Your assignment — What is needed is a word-for-word copy of the lines below from the one with "BagForLove - Lightweight" through the one with "Kemeja Lengan Pendek", both included, with every picture left out.

*** Supplied entries ***

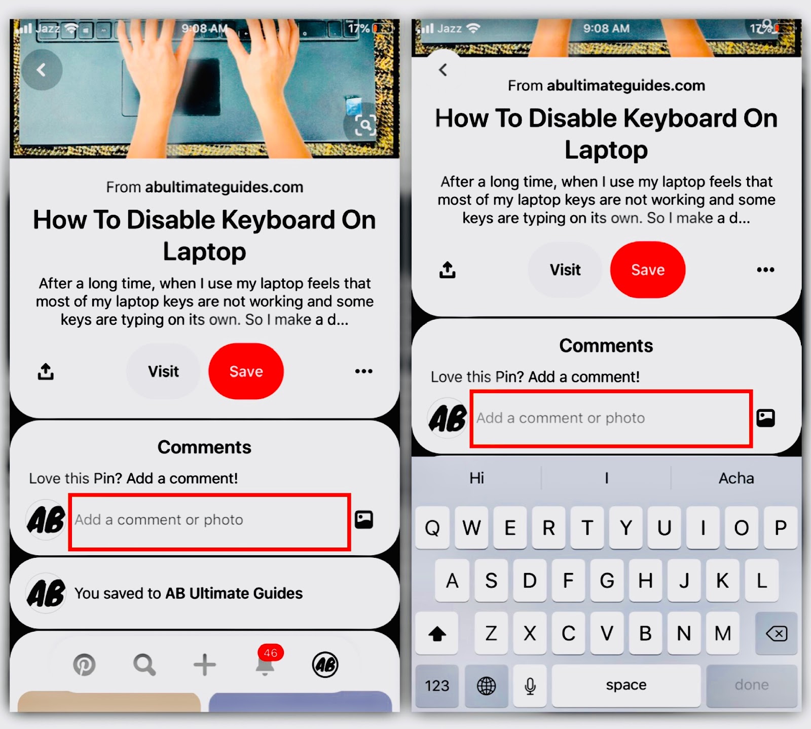 According to Pinterest, you can only type some text, stickers, and emojis in your comment section. Without type something, you can't post a blank comment. We like to comment blank but what happens when we comment blank. In this way, you can surprise your friends by commenting blank on Pinterest.
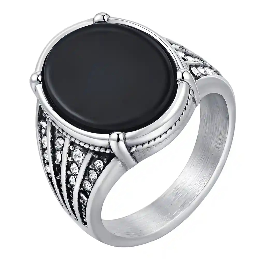 Black Agate Power Ring – Edelstahl Herrenring
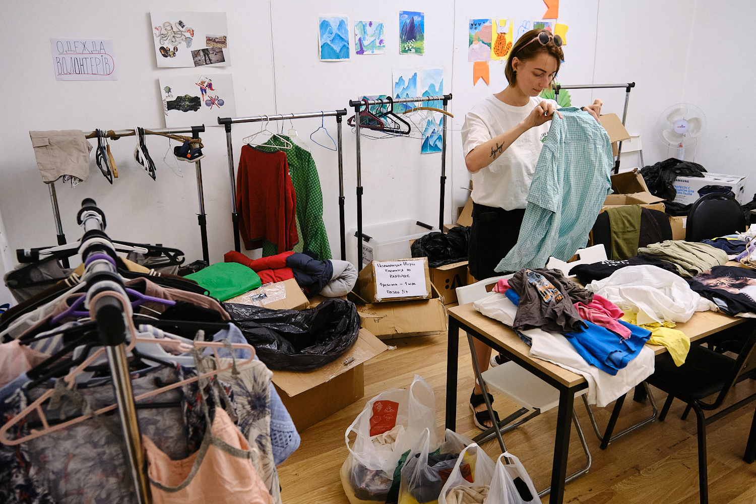 Новые порции вещей в комнату приносит Инна. Она разбирает оставшиеся коробки с летней одеждой. Инна из Киевской области и говорит, что в последний год ее жизнь полностью связана с пунктом помощи. В 2022-м девушка впервые пришла в Choose to Help как посетительница, потому что осталась без работы.
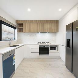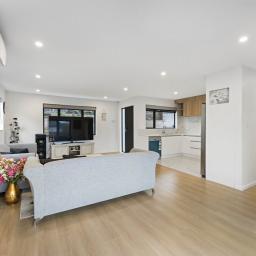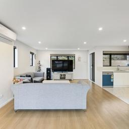 The light-filled open-plan living area flows effortlessly into a sleek, modern kitchen and dining space - ideal for entertaining friends or enjoying relaxed family meals.
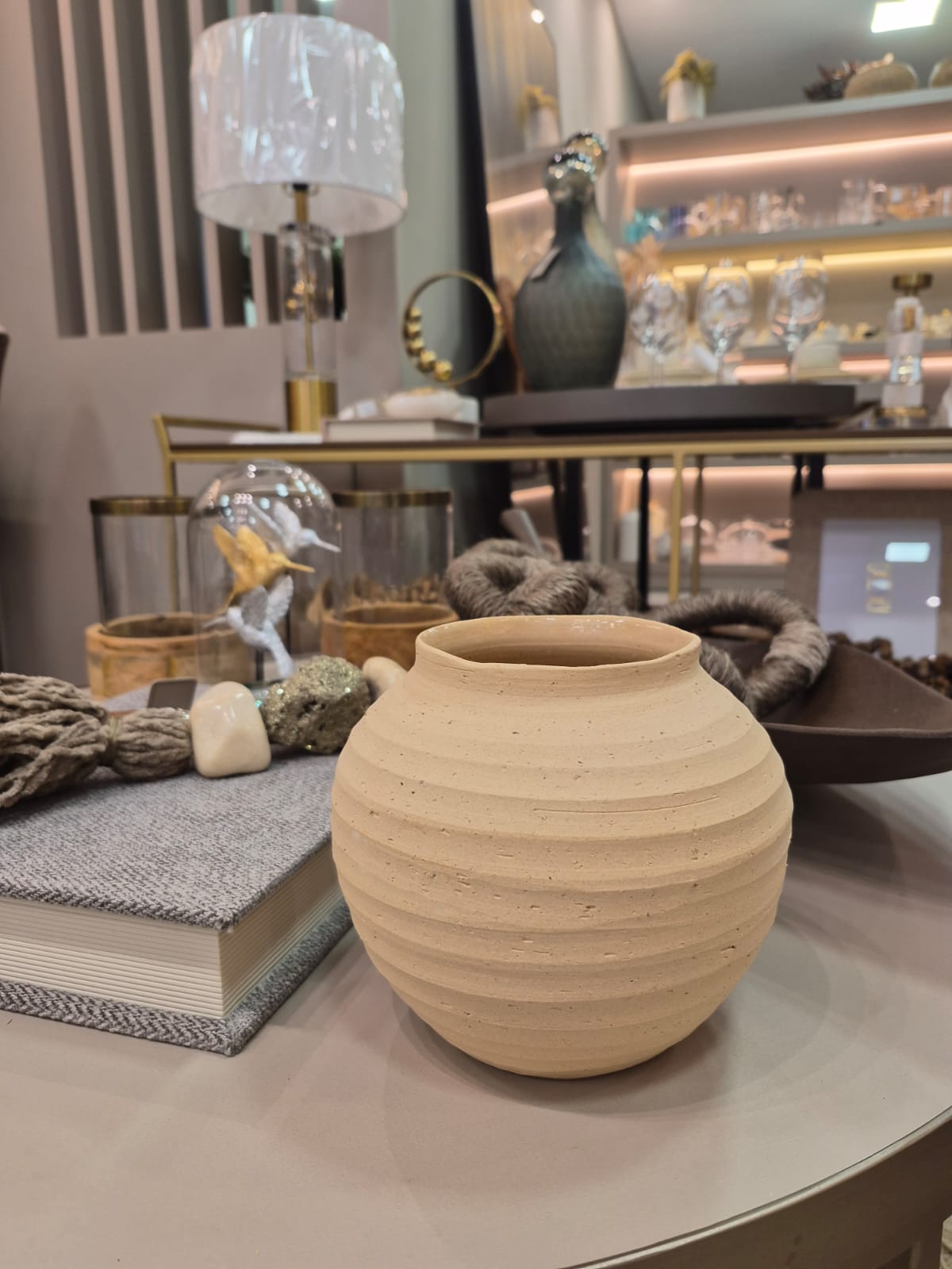 O Vaso Decorativo em Cerâmica Terracota Claro P é uma peça elegante que traz naturalidade e sofisticação ao ambiente. Seu design com linhas suaves e acabamento texturizado valoriza a estética orgânica e contemporânea.
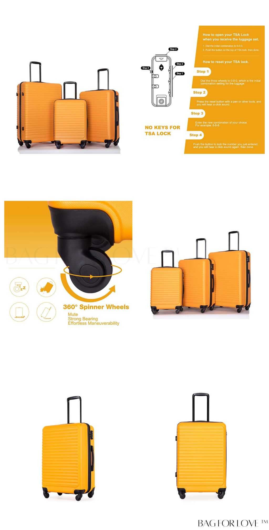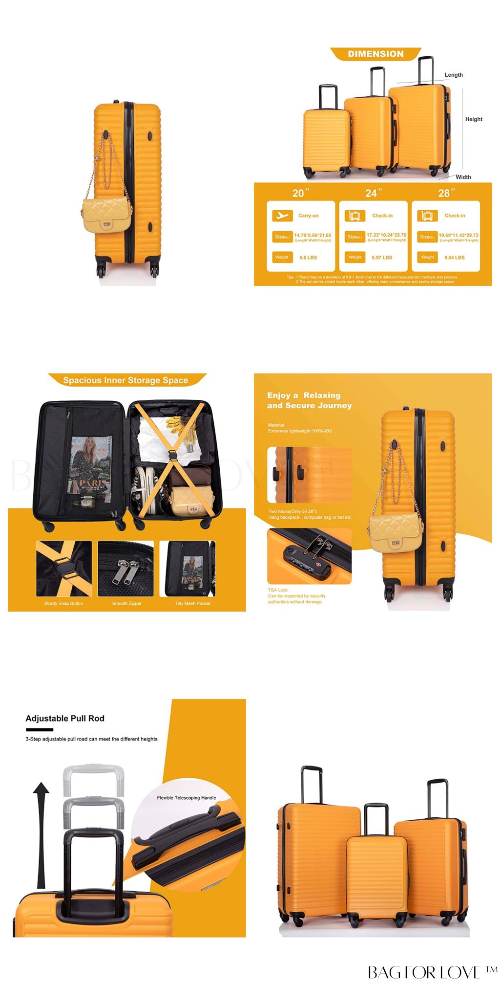 BagForLove - Lightweight 3-Piece ABS Luggage Sets with Hooks - Ideal for Travel and Business (20/24/28in)
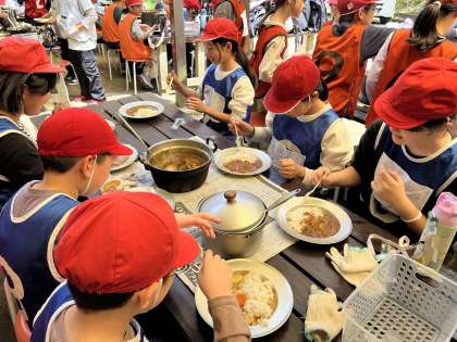 できたてのカレーは格別!みんな笑顔で「おいしい!」と声をあげ、おかわりをする児童もたくさんいました。協力して作り上げたカレーの味は、格別だったようです。
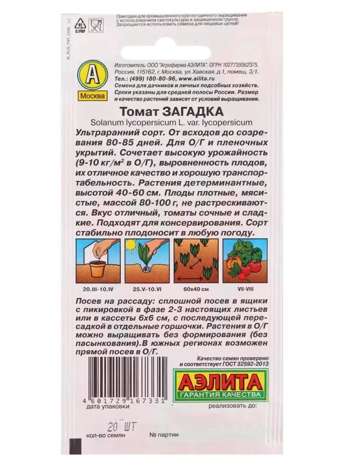 Семена Томат «Загадка», 20 шт., «АЭЛИТА»
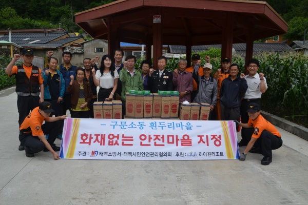 태백소방서(서장 석교준)는 16일 강원 태백시 구문소동 흰두리마을을 화재없는 안전마을로 지정했다.
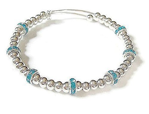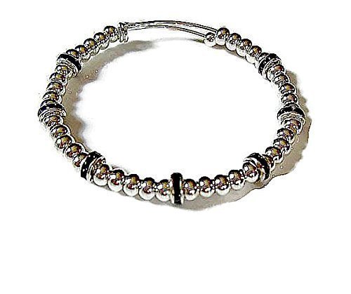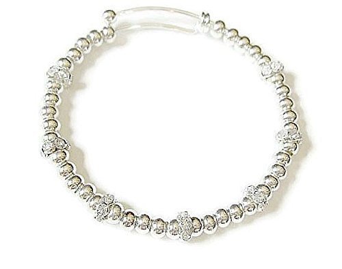 -. Title : Adjustable Bangle - Rhinestone and Silver Beaded Adjustable Companion bangle, Stacking bangle, Accent Bracelet
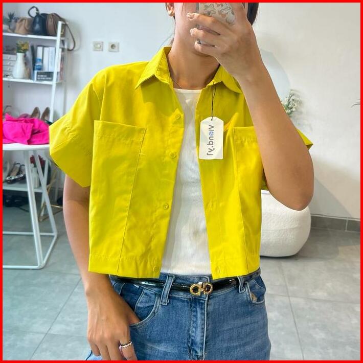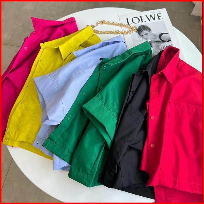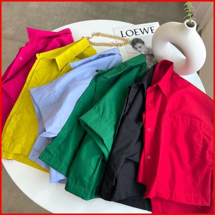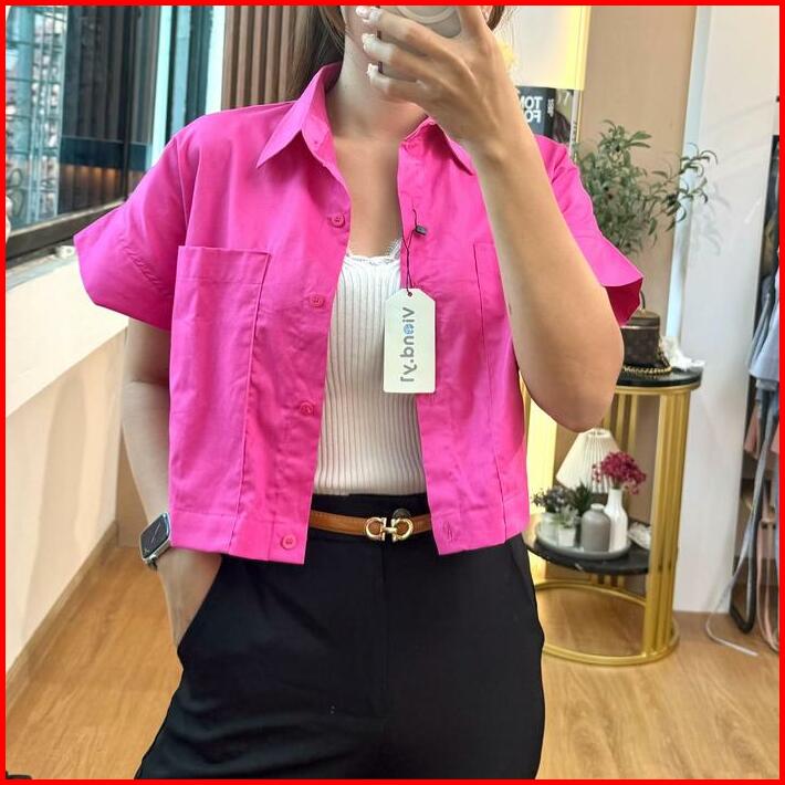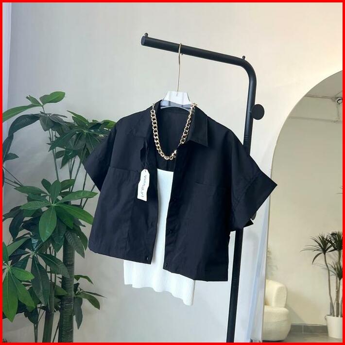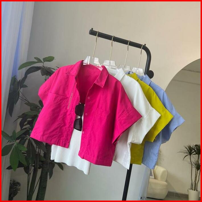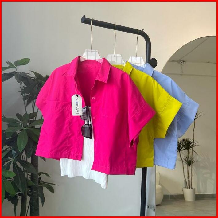 Kemeja Lengan Pendek Kemeja Basic Crop Style Blouse Wanita Korea Katun Poplin Premium E.94
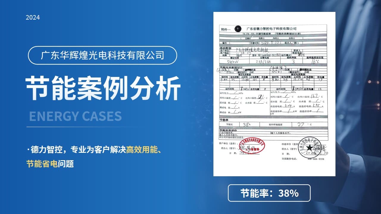 后期,專業施工人員為華輝煌光電公司嚴格打造了獨特的節能改造服務,其中一處的設備節能33%,另一處設備更是節能38%,節能省電效果非常好!
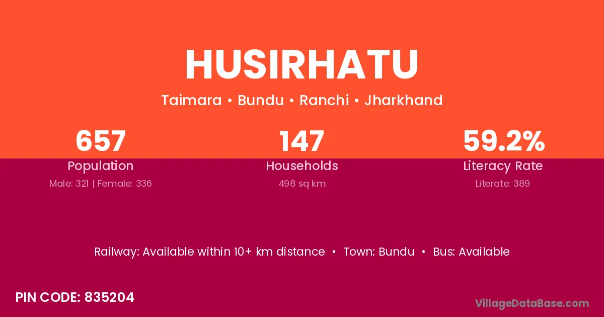 According to Census 2011 information, the village code of Husirhatu village is 835204.
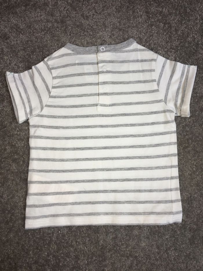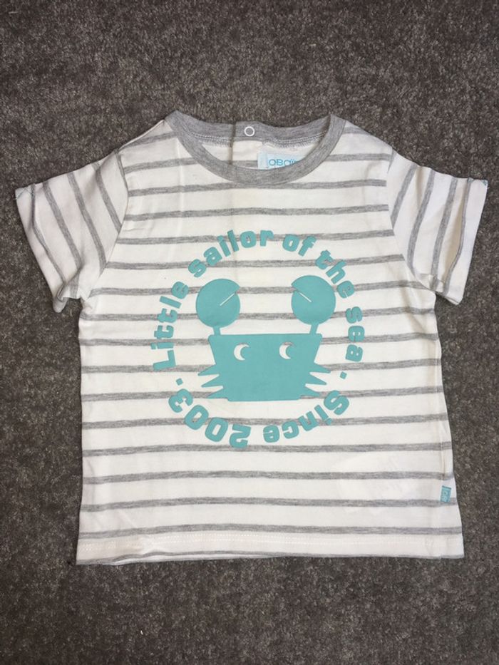 T-shirt manches courtes Obaibi Taille 9 mois - 71 cm Blanc à rayures grises et à imprimé bleu-vert Ouverture 3 pressions au dos #petchou94

***

Task response —
 BagForLove - Lightweight 3-Piece ABS Luggage Sets with Hooks - Ideal for Travel and Business (20/24/28in)
 できたてのカレーは格別!みんな笑顔で「おいしい!」と声をあげ、おかわりをする児童もたくさんいました。協力して作り上げたカレーの味は、格別だったようです。
 Семена Томат «Загадка», 20 шт., «АЭЛИТА»
 태백소방서(서장 석교준)는 16일 강원 태백시 구문소동 흰두리마을을 화재없는 안전마을로 지정했다.
 -. Title : Adjustable Bangle - Rhinestone and Silver Beaded Adjustable Companion bangle, Stacking bangle, Accent Bracelet
 Kemeja Lengan Pendek Kemeja Basic Crop Style Blouse Wanita Korea Katun Poplin Premium E.94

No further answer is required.